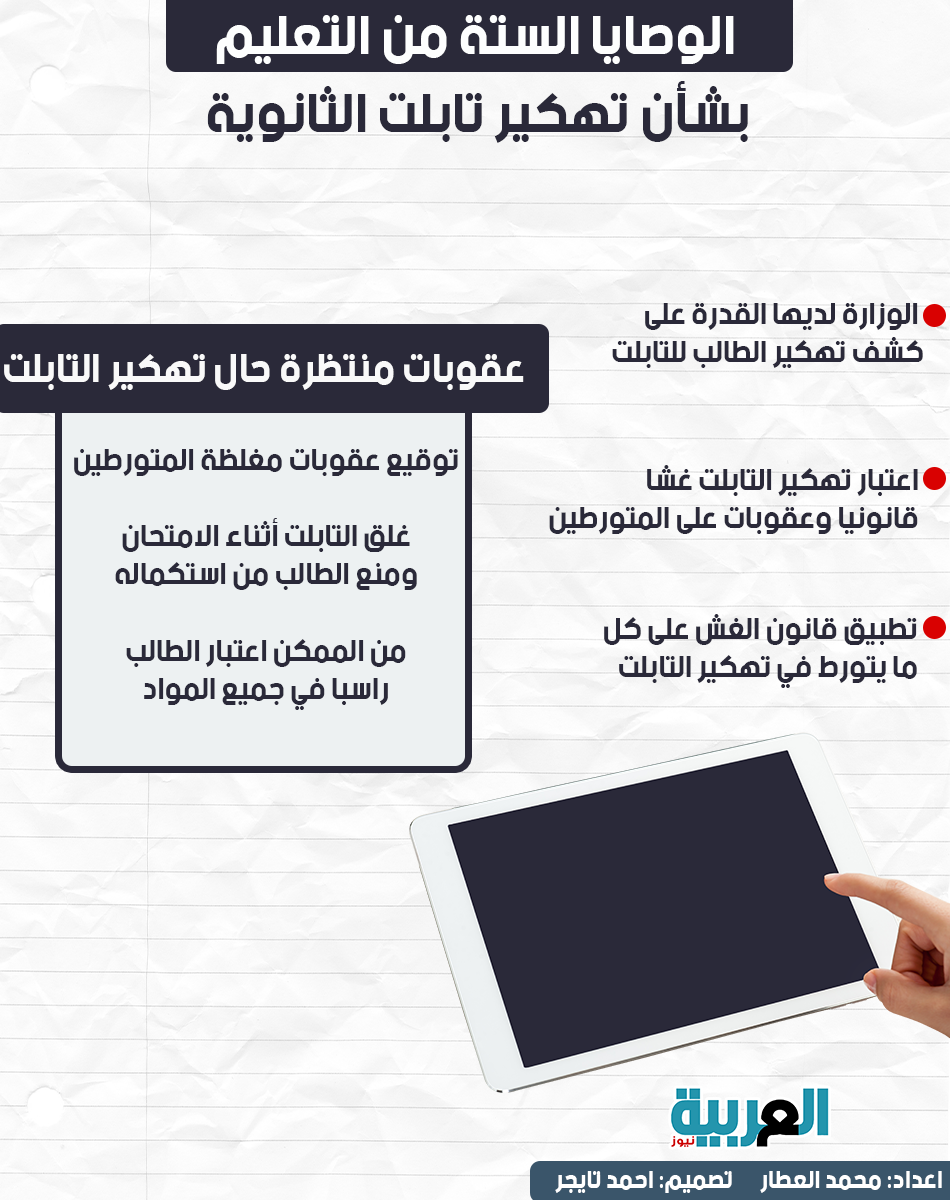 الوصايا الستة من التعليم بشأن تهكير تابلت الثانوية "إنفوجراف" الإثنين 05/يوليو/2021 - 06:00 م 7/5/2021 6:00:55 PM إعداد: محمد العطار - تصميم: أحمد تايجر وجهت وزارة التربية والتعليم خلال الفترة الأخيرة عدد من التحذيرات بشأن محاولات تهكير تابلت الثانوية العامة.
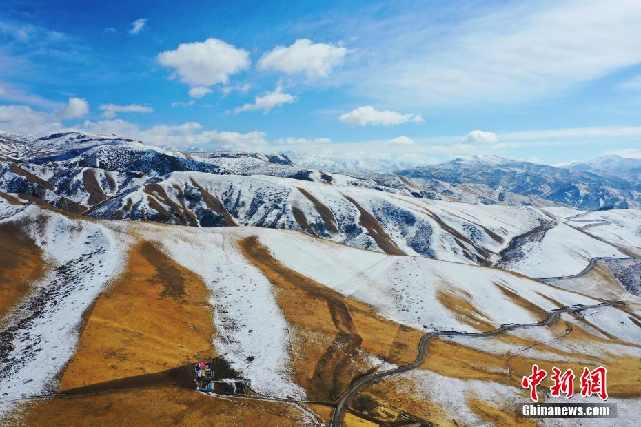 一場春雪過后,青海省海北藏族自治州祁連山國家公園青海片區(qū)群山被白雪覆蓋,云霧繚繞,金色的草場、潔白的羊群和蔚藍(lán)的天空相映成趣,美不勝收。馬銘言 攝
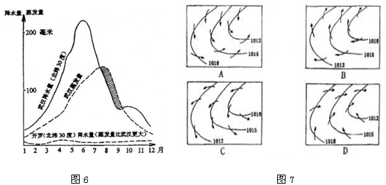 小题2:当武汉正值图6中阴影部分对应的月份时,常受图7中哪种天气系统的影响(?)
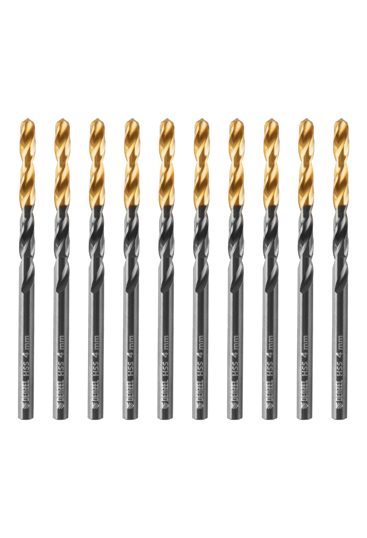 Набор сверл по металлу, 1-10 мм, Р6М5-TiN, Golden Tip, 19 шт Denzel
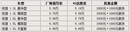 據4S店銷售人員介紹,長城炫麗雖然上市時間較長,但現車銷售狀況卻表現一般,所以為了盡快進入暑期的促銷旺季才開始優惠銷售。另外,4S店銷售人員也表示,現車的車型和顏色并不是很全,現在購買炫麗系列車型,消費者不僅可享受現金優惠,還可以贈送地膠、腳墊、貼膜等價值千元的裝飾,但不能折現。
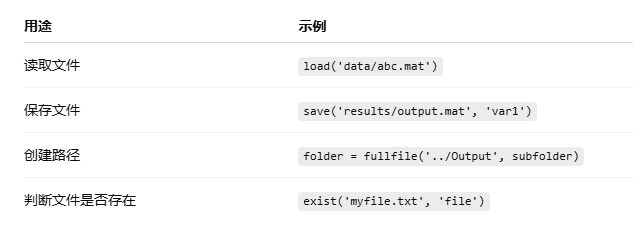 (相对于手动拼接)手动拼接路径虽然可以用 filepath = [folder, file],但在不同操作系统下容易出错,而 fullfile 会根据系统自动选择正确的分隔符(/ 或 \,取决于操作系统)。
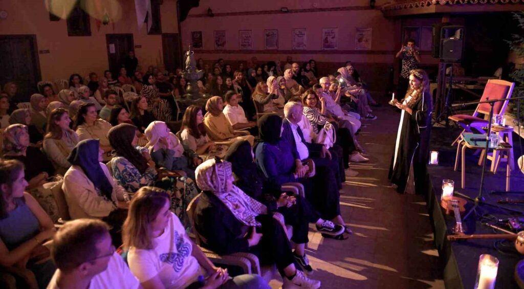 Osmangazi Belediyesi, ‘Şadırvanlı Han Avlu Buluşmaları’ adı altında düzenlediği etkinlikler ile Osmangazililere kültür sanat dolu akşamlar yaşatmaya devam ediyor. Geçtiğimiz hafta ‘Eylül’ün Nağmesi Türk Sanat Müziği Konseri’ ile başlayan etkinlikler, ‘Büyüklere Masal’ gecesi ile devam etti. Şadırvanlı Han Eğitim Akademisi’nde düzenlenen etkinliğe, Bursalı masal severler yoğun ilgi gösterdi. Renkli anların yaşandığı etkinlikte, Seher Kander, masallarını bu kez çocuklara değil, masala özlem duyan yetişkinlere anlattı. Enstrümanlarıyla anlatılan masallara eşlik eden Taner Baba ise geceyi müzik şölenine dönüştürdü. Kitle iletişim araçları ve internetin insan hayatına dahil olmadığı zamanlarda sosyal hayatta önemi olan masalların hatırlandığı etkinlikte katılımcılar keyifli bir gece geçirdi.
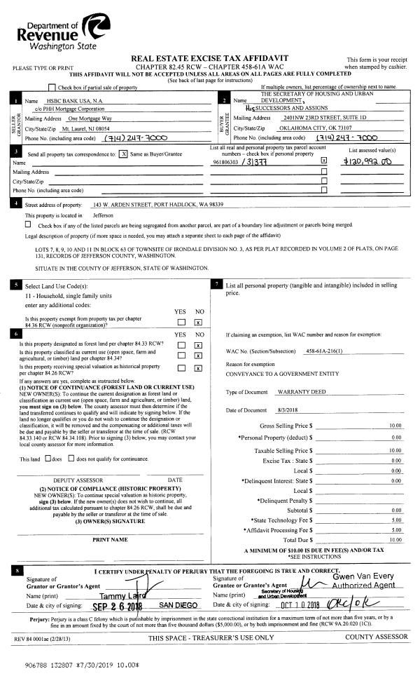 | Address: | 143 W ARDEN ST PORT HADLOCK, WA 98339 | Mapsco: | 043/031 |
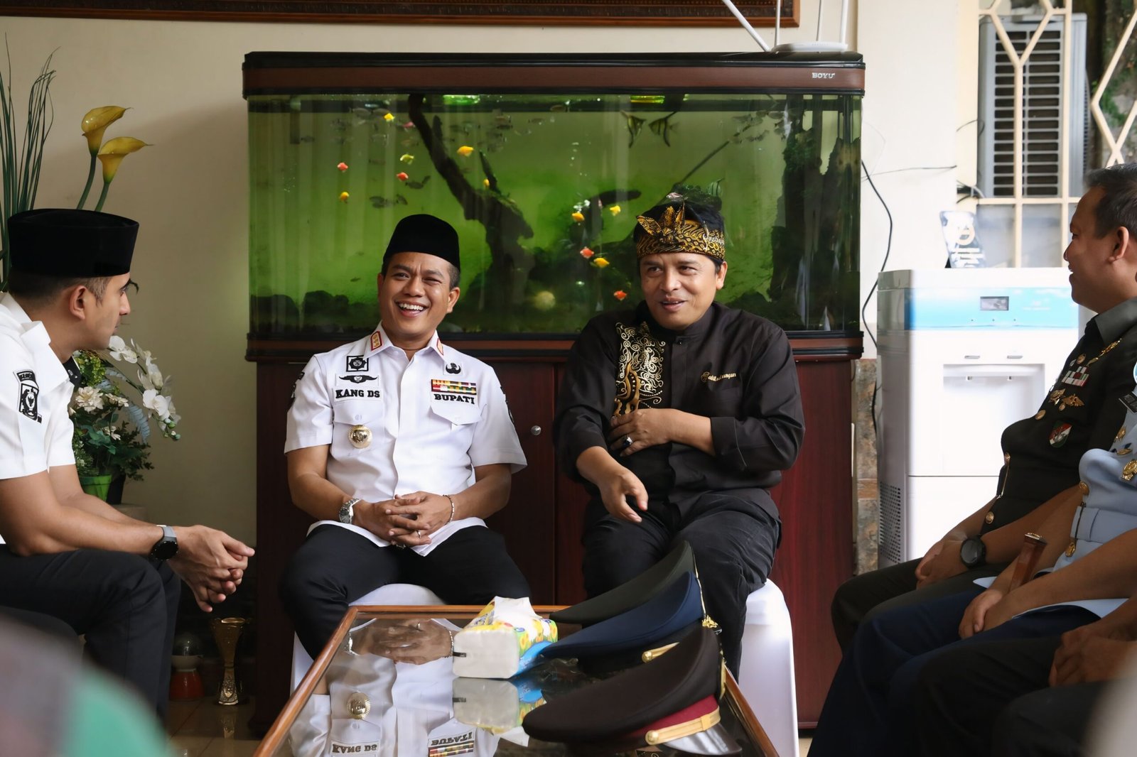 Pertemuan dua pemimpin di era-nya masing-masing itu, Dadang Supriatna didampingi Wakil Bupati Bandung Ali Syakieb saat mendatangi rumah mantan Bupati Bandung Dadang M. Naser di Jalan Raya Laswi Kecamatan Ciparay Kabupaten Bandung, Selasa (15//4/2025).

* * *

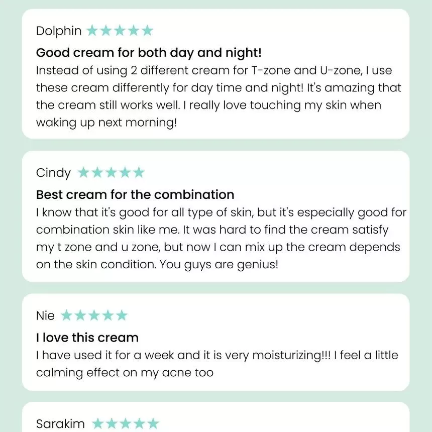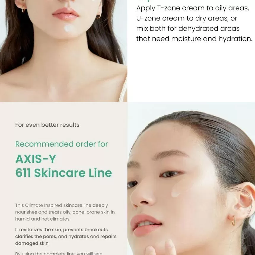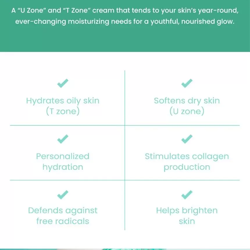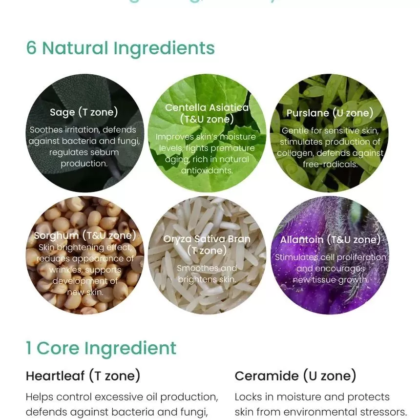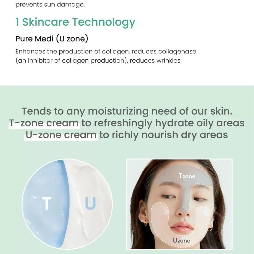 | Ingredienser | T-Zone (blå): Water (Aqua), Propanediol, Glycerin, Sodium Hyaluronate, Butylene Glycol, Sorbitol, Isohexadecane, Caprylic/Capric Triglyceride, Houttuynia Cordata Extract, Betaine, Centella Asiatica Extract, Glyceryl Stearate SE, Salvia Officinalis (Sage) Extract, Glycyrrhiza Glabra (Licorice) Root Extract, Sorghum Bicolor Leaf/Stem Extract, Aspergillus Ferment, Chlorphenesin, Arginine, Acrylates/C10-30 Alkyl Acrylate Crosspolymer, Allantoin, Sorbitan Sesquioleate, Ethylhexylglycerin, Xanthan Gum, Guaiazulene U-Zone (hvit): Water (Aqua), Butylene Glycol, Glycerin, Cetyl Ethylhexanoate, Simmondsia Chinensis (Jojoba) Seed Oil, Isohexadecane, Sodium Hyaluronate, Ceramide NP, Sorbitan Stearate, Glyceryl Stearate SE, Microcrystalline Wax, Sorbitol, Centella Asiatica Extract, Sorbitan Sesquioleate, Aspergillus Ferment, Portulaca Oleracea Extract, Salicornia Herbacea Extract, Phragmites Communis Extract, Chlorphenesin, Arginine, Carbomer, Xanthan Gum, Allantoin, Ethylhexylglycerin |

**AIM OF THE TASK**
Set the pictures aside and retype exactly the lines above from the line with "الوصايا الستة من" to the line with "一場春雪過后,青海省海北藏族", both included, adding no others.

**WRITTEN RESPONSE**
 الوصايا الستة من التعليم بشأن تهكير تابلت الثانوية "إنفوجراف" الإثنين 05/يوليو/2021 - 06:00 م 7/5/2021 6:00:55 PM إعداد: محمد العطار - تصميم: أحمد تايجر وجهت وزارة التربية والتعليم خلال الفترة الأخيرة عدد من التحذيرات بشأن محاولات تهكير تابلت الثانوية العامة.
 一場春雪過后,青海省海北藏族自治州祁連山國家公園青海片區(qū)群山被白雪覆蓋,云霧繚繞,金色的草場、潔白的羊群和蔚藍(lán)的天空相映成趣,美不勝收。馬銘言 攝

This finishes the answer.